Мы прошлись по узенькому переулку, который назывался Проездом МХАТа, вышли на Пушкинскую. Потом снова повернули обратно, к театру.

Она шла, мелко семеня ногами, обычная, с виду ничем не примечательная, уже старая женщина, а я все поглядывала на нее и вспоминала, как вхожу к ней в дом тогда, в тот самый первый раз, и она расставляет на столе чашки, обещающе говорит:

— Сейчас мы с тобой будем чай пить…

Я увидела ее такой, какой она была в ту пору, и невольно вдруг вспомнился мне мальчик из Конотопа, счастливая хозяйка маленького домика на Цимле, кассирша с Ленинградского вокзала — все те открытые, душевные люди, которые вот так же вот, не умея пройти равнодушно мимо, хотя бы ненадолго согрели меня и заставили поверить в бескорыстную силу доброты.

— Ну, чего задумалась? — спросила тетя Леля. — Пошли, а то, гляди, опоздаем…

И мы поспешили к театру, потому что уже на улице был слышен первый звонок.

В каждую субботу, вечером…

1

Отец приходит к нам в субботу примерно в восьмом часу вечера. К нам — это ко мне и к моему младшему брату, Алеше.

Мамы у нас нет, она умерла пять лет тому назад. А спустя полтора года отец женился и теперь живет отдельно, у жены.

Я обычно с радостью ожидаю субботу, приход отца, и в то же время с горечью предчувствую конец встречи, когда отец взглянет на часы и поднимется со стула, — как конец всему хорошему, чего ждешь, что сбывается, но неминуемо уходит.

Наш отец рассеянный, очень забывчивый. Мама говорила о нем:

— Не от мира сего…

Никогда не знает, сколько у него денег, вечно теряет носовые платки и шариковые ручки, которые привозят ему коллеги из заграничных поездок, зная пристрастие отца к шариковым ручкам. Карманы его пиджака забиты блокнотами, записными книжками, просто листками бумаги, на которых он записывает нужные ему адреса и телефоны, рецепты новых лекарств и еще, как он выражается, мысли, внезапно приходящие в голову.

Однажды он потерял у нас одну из своих записных книжек, и я, каюсь, перечитал все страницы, с начала до конца, и узнал мысли, которые внезапно приходят ему в голову:

«Говорят, в Ментоне это пробуют лечить. Поговорить в министерстве!» «Обязательно побывать в институте неврологии, проконсультироваться с Тарпаняном». И так далее.

Я знаю — это все обо мне.
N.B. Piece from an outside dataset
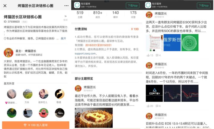 群主名叫烤猫团长,乍一看还以为是那个消失在江湖的烤猫又重出江湖,但是他那个财神爷的头像让人瞬间出戏。烤猫团长在人数开始增加的时候就开始宣传自己的知识星球,只需要 199 元,就可以加入这个他每天都会向小部分人分享投资诀窍的私密社群。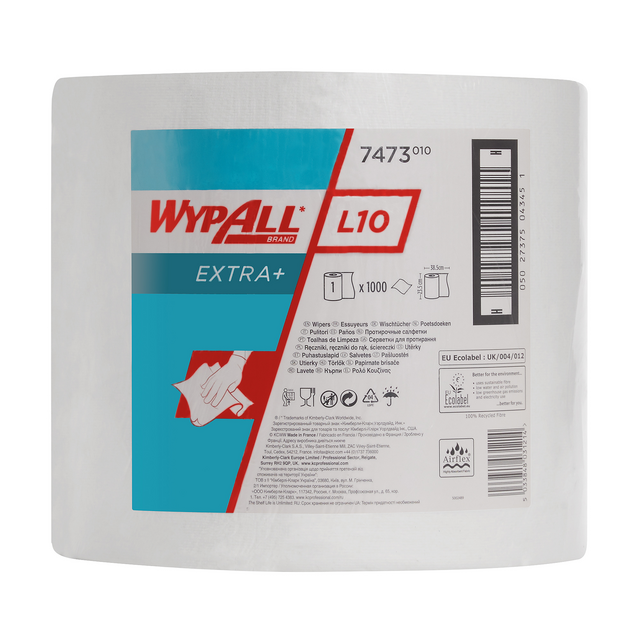 De WypAll L10 Extra+ reeks is ontworpen om klanten betrouwbare multifunctionele poetsdoeken te bieden voor poetstaken. De WypAll L10 Extra+ Poetsdoek Grote rol 7473 is de ideale oplossing voor middelzware poetstaken, het polijsten van glas en het reinigen van oppervlakken en gereedschap. De unieke Airflex basismateriaal technologie is sterk genoeg om elke taak van begin tot eind te volbrengen. De doek valt niet uit elkaar en absorbeert voldoende om de meeste morsplekken met gemak op te ruimen.

Прошлой зимой я был в альпинистском походе в Нальчике. Все было как надо, но на обратном пути оборвалась веревка.

С тех пор я лежу. Сперва лежал в больнице, потом в научно-исследовательском институте. А теперь лежу дома, в постели.

Нет на всем свете такого средства, которое могло бы оживить мой позвоночник. Отец утешает меня, говорит, что наука движется вперед, я молод, я дождусь и меня непременно вылечат. Верит ли сам отец тому, что говорит?
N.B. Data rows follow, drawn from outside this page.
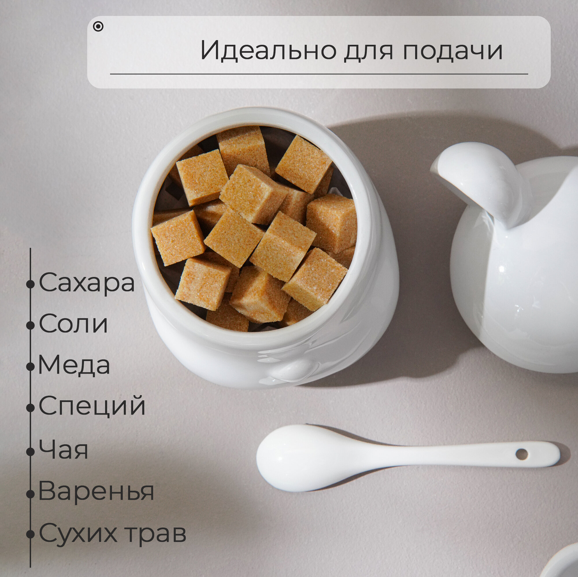 Сахарница с ложкой Доляна «Емеля», 200 мл, цвет белый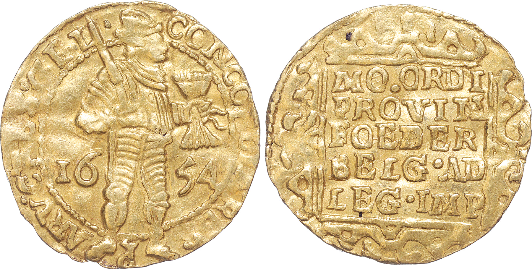 Gelderland. Gouden dukaat 1654. Cnm. 2.17.77; D. 649. Fraai/zeer fraai.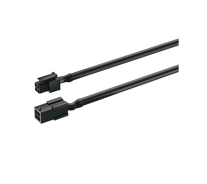 Nadaje się do przedłużania wszystkich przewodów zasilających do przełączników Häfele Loox (wbudowane przewody zasilające, modułowe przewody zasilające z łącznikiem zatrzaskowym i bez, przewody zasilające skrzynki wieloprzełącznikowej).

Алеша, по-моему, не верит. Мой брат, хотя ему скоро четырнадцать, вполне самостоятелен, всегда знает, чего хочет, и никогда не лжет.

Как-то, когда отец ушел, Алеша сказал:

— Мы, мужчины, должны смотреть правде в глаза.

— Само собой, — подтвердил я.

— Так вот, — продолжал Алеша. — Как бы там ни было, я тебя никогда не брошу.

В словах этих мне послышался некоторый упрек отцу. Но я не согласен с Алешей.

Он еще слишком мал, чтобы судить взрослого мужчину. Несмотря на то, что я не могу забыть маму и никогда не забуду, я понимаю отца.

Они работают вместе, в одной больнице. Она — врач-терапевт.

Когда я ее увидел, то едва сумел скрыть свое удивление — до того показалась мне некрасивой, невзрачной: худенькая, щуплая, коротко, под мальчика, стриженная. Мама была необыкновенно привлекательной, даже красивой — яркие синие глаза, тяжелые волосы.

Но эта, видать, умная, цепкая. И что меня с ней окончательно примиряет — любит отца. Когда ее маленькие быстрые глаза смотрят на него, они теплеют и становятся добрее, мягче.

Она у нас была всего лишь один раз, потому что Алеша так прямо и заявил отцу, что не хочет ее видеть. Отец расстроился, запинаясь, стал выговаривать Алеше, что так нехорошо, что это его очень огорчает, но Алеша не стал ничего больше слушать и вышел из комнаты. Я сказал отцу:

— Ничего, я его обломаю. Вот увидишь, они еще подружатся.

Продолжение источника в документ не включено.